Tigers manager Sparky Anderson was equally amazed.
“I’ve seen three straight, too, but never in the ninth inning, not like that,” he said in the Detroit Free Press.
The Tigers could not get any more runs, but they had done their job, and the game was headed to extra innings.
Neither team scored in the 10th inning, and Willie Hernandez blanked the Orioles in the top of the 11th. The Tigers were facing Orioles reliever Doug Corbett in the bottom of the inning with a chance to win it. Nokes led off with a single between first and second base, and Madlock strolled to the plate. Could he make it four home runs in one game? It had never been done in Tigers history.

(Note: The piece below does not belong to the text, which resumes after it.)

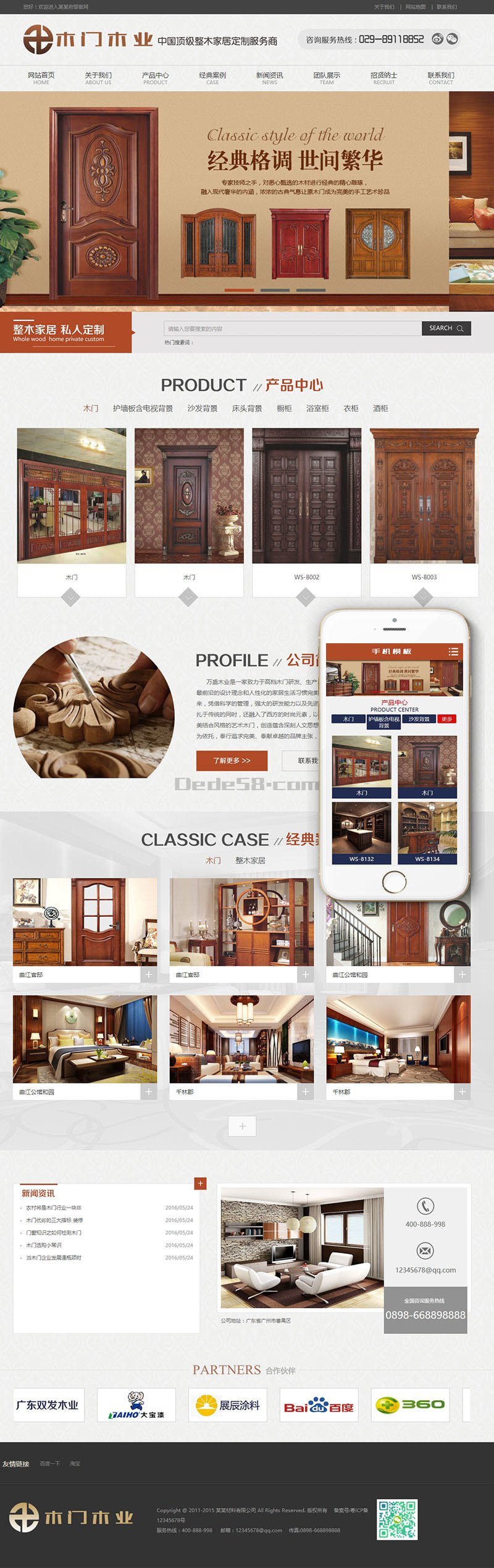 古典复古木材木门木业类网站织梦模板(带手机端)+PC+wap+利于SEO优化

We’ll never know. Tigers manager Sparky Anderson gave Madlock the bunt sign. Who orders a batter who already has hit three home runs in a game to bunt? Sparky did, and it worked.

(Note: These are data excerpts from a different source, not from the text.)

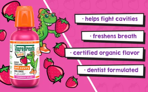 TheraBreath Kids Mouthwash with Fluoride, Organic Strawberry Splash, Anticavity, 10 fl oz
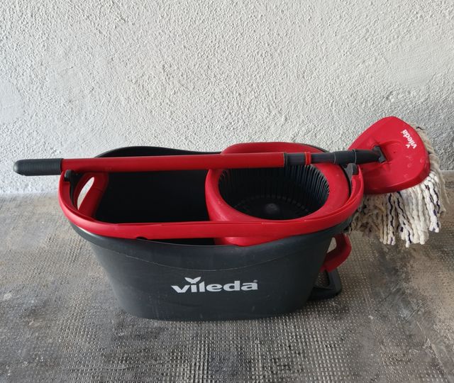 Vendo fregona Vileda con cubo y escurridor. Usado solo dos veces. - Incluye cubo y mopa. - Color rojo y negro. - Marca Vileda.
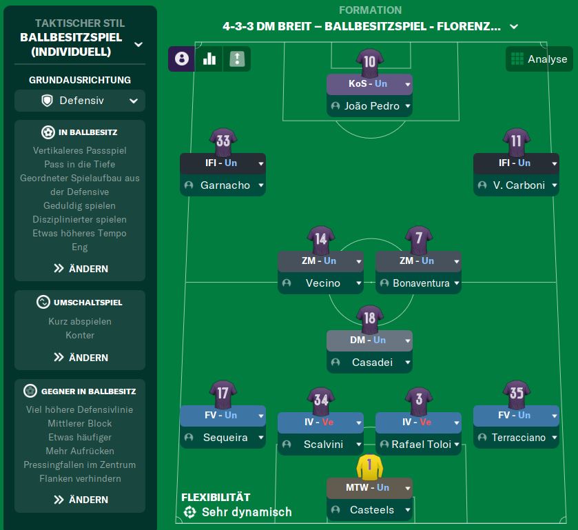 Das Spiel begann intensiv und bereits in der 18. Minute brachte Cesare Casadei, agierend als offensiver Mittelfeldspieler, Fiorentina mit einem präzisen Schuss ins untere Eck in Führung.

“I’d let him know before Nokes got on that I wanted him to bunt when Nokes got on,” Anderson said in the Free Press. “A sacrifice is the only way to play.”
Madlock got the bunt down and successfully and moved Nokes to second base. After Kirk Gibson was walked intentionally, Alan Trammell singled to center to score Nokes with the winning run.
After the game, Madlock said had no issues with Anderson’s decision to have him bunt.
“You’ve got Kirk Gibson coming up after me, then Alan Trammell,” he said in the Free Press. “I’m not a home-run hitter. That’s the first time in my life I’ve hit three in a game. My game is just hitting. That’s my strength and what I try to do.”
The Tigers went 59-32 the rest of the way and won the American League East Division title by one game over the Toronto Blue Jays. One game. And they had the best record in baseball, although their season ended in the ALCS against the Minnesota Twins.
Madlock hit eight more home runs in his final season, and the last one came against Bell, the pitcher who gave up the first of his three on that Sunday afternoon in June.
Madlock is one of 14 players with at least four batting championships in baseball history. The other 13 – Ty Cobb (12), Tony Gwynn (8), Honus Wagner (8), Rod Carew (7), Rogers Hornsby (7), Stan Musial (7), Ted Williams (6), Wade Boggs (5), Dan Brouthers (5), Cap Anson (4), Miguel Cabrera (4), Roberto Clemente (4) and Harry Heilmann (4), all are in the Hall of Fame or, as in Cabrera’s case, are headed for the Hall of Fame.
Mad lock was a favorite of mine and even at the end of his playing days I often thought, how could any team trade this guy.